Projects

Instruction Vagueness Analysis for Vision Language Navigation Models

Fig. Workflow

Ever told a robot “just go forward” and hoped for the best? Yeah, it doesn’t go well. In Vision-and-Language Navigation (VLN), vague human instructions tank model performance. To fix that, I built a dual framework: Speciteller scores how specific an instruction is, while GPT-4o-mini checks vagueness in context using the environment.

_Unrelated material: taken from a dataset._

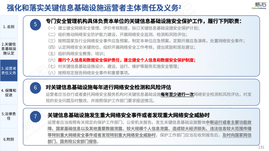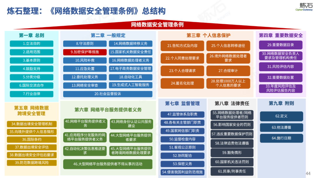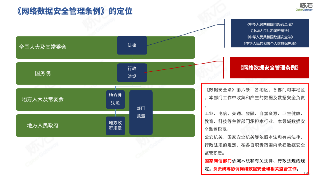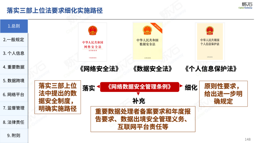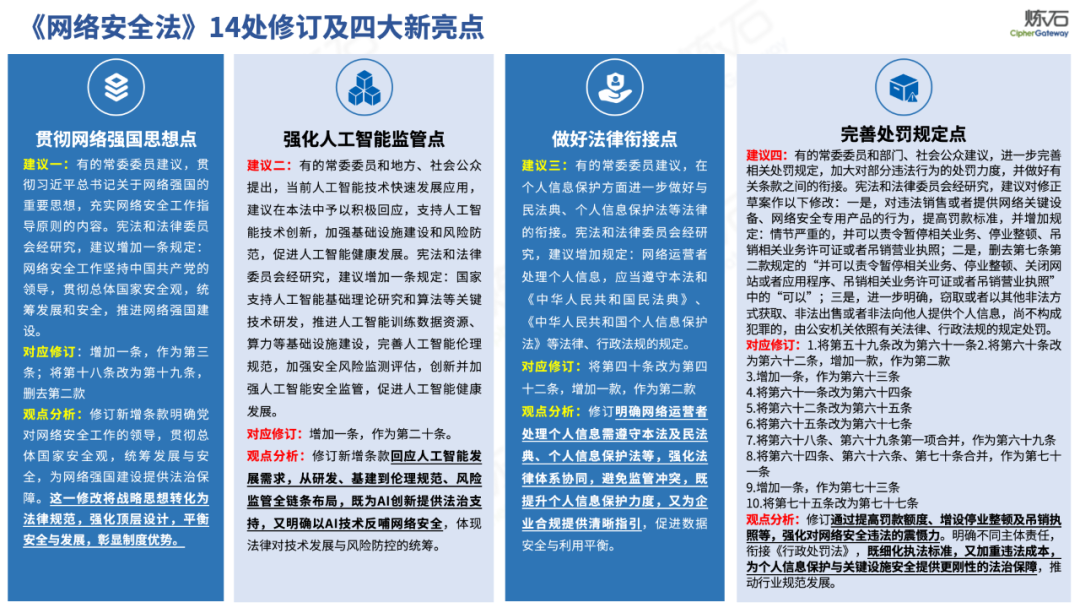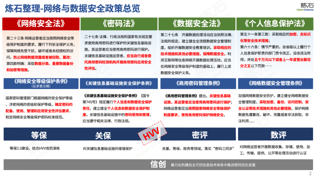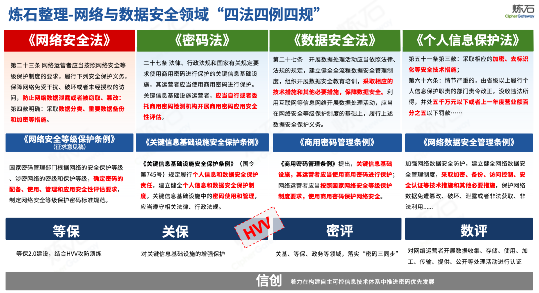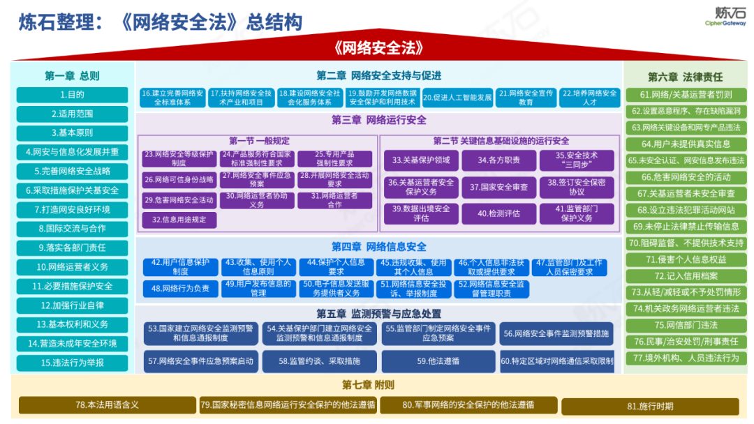 炼石通过幻灯片图解形式,对《网络安全法》的新法框架、修订重点与合规要求进行了系统梳理,并进一步图解了“三法三条例”,即《密码法》《数据安全法》《个人信息保护法》《关键信息基础设施安全保护条例》《商用密码管理条例》《网络数据安全管理条例》。旨在帮助读者更好地理解相关法规的主要内容,为网络和数据安全合规及实战建设提供参考。由于作者水平有限,欢迎业界同仁共同探讨完善。

We ran this across ALFRED and CHORES datasets on SPOC, MOCA, and Episodic Transformers. The takeaway? Specific instructions = higher success. End-to-end models with memory (like Episodic Transformers) handle ambiguity best, while others need clear directions.

Key Contributions:

Dual Vagueness Framework: Combined Speciteller regression with GPT-4o-mini classification to capture both lexical and contextual vagueness in navigation instructions.
Large-Scale Analysis: Evaluated vagueness impact across ALFRED and CHORES datasets on SPOC, MOCA, and Episodic Transformers.
Architectural Insights: Showed that intermediate fusion + memory architectures are more robust against vague instructions, while late-fusion models struggle.
Practical Strategies: Proposed vagueness-aware losses, data augmentation with paraphrasing, and adaptive attention controllers to make agents smarter at handling ambiguous commands.

Carbon Credit Calculation using Event Extraction from Unstructured Data

Bachelor's Thesis

Supervisors: Prof. Surekha Bhanot, Dr. Riza Batista-Navarro

Fig. Event Extraction Example

Fig. Model Architecture

Have you ever wondered how many carbon credits you're consuming just by cooking a recipe you found online? Given the huge wave of sustainability washing over the UK, it was a given to do my thesis to help identify the amount of carbon emissions one causes when doing mundane tasks in their day-to day. An important factor in identifying the emissions is actually identifying the events that would result in these. For recipes, I chose to focus on the cooking methods (such as sauteeing, baking, boiling, etc.). Given that recipes are generally in pretty unstructured formats across the internet, my research focused around event extraction from unstructured data.

To do this, I used a combination of human-in-the-loop learning and HDBScan clustering to identify common events in recipes, then used a combination of fine-tuned transformers (Siamese BERT, T5) to generate relevant questions the model could ask itself to correctly identify event details such as what cooking event, how long for, at what temperature, etc. This was then integrated into API's for a chrome extension that could estimate the carbon credits consumed during cooking.

Key Contributions:

Innovative Carbon Emission Model: Applied interactive machine learning and machine reading comprehension to create a model that calculates carbon emissions in recipes based on the extracted event templates
Semi-Supervised Event Extraction: Designed a system that uses HDBScan clustering and human-in-the-loop training to extract events from unstructured data without pre-existing annotations.
Transformer-Based Question Generation: Fine-tuned BERT and T5 models to generate relevant questions and refine event details. Incorporated POS tagging to improve accuracy in event detection.
Research Excellence: Demonstrated strong problem-solving, critical thinking, and communication skills through collaborative work with academic mentors and experts. Enhanced teamwork and model design abilities throughout the project.

C-Former: A Novel Vision Transformer-Based Architecture for EEG Emotion Classification

Fig. Model Approach

Fig. CFormer Block Architecture

This research introduced C-Former, a cutting-edge transformer-based architecture designed for emotion classification using EEG signals. Electroencephalography (EEG) is a non-invasive method of measuring the brain's electrical activity in response to stimuli and has numerous applications in clinical and research settings. The proposed model incorporates convolutional token embedding layers and a convolutional feature extractor to enhance the representation of spatial and temporal features in EEG data.

The aim was to develop a robust and efficient method for emotion recognition using EEG signals. By leveraging the power of transformers, C-Former addresses challenges such as variations in data and the need for precise feature extraction, outperforming traditional models while maintaining competitive performance with state-of-the-art approaches.

Key Contributions:

Transformer-Based Innovation: C-Former combines convolutional layers for token embedding with transformer modules to capture both local and global features in EEG data.
Benchmark Performance: Experimental results on the SEED dataset demonstrate that C-Former achieves superior accuracy compared to previous models, while being more robust to variations in input data.
First-of-Its-Kind Application: To the best of our knowledge, this is the first work that employs transformers specifically for EEG-based emotion recognition.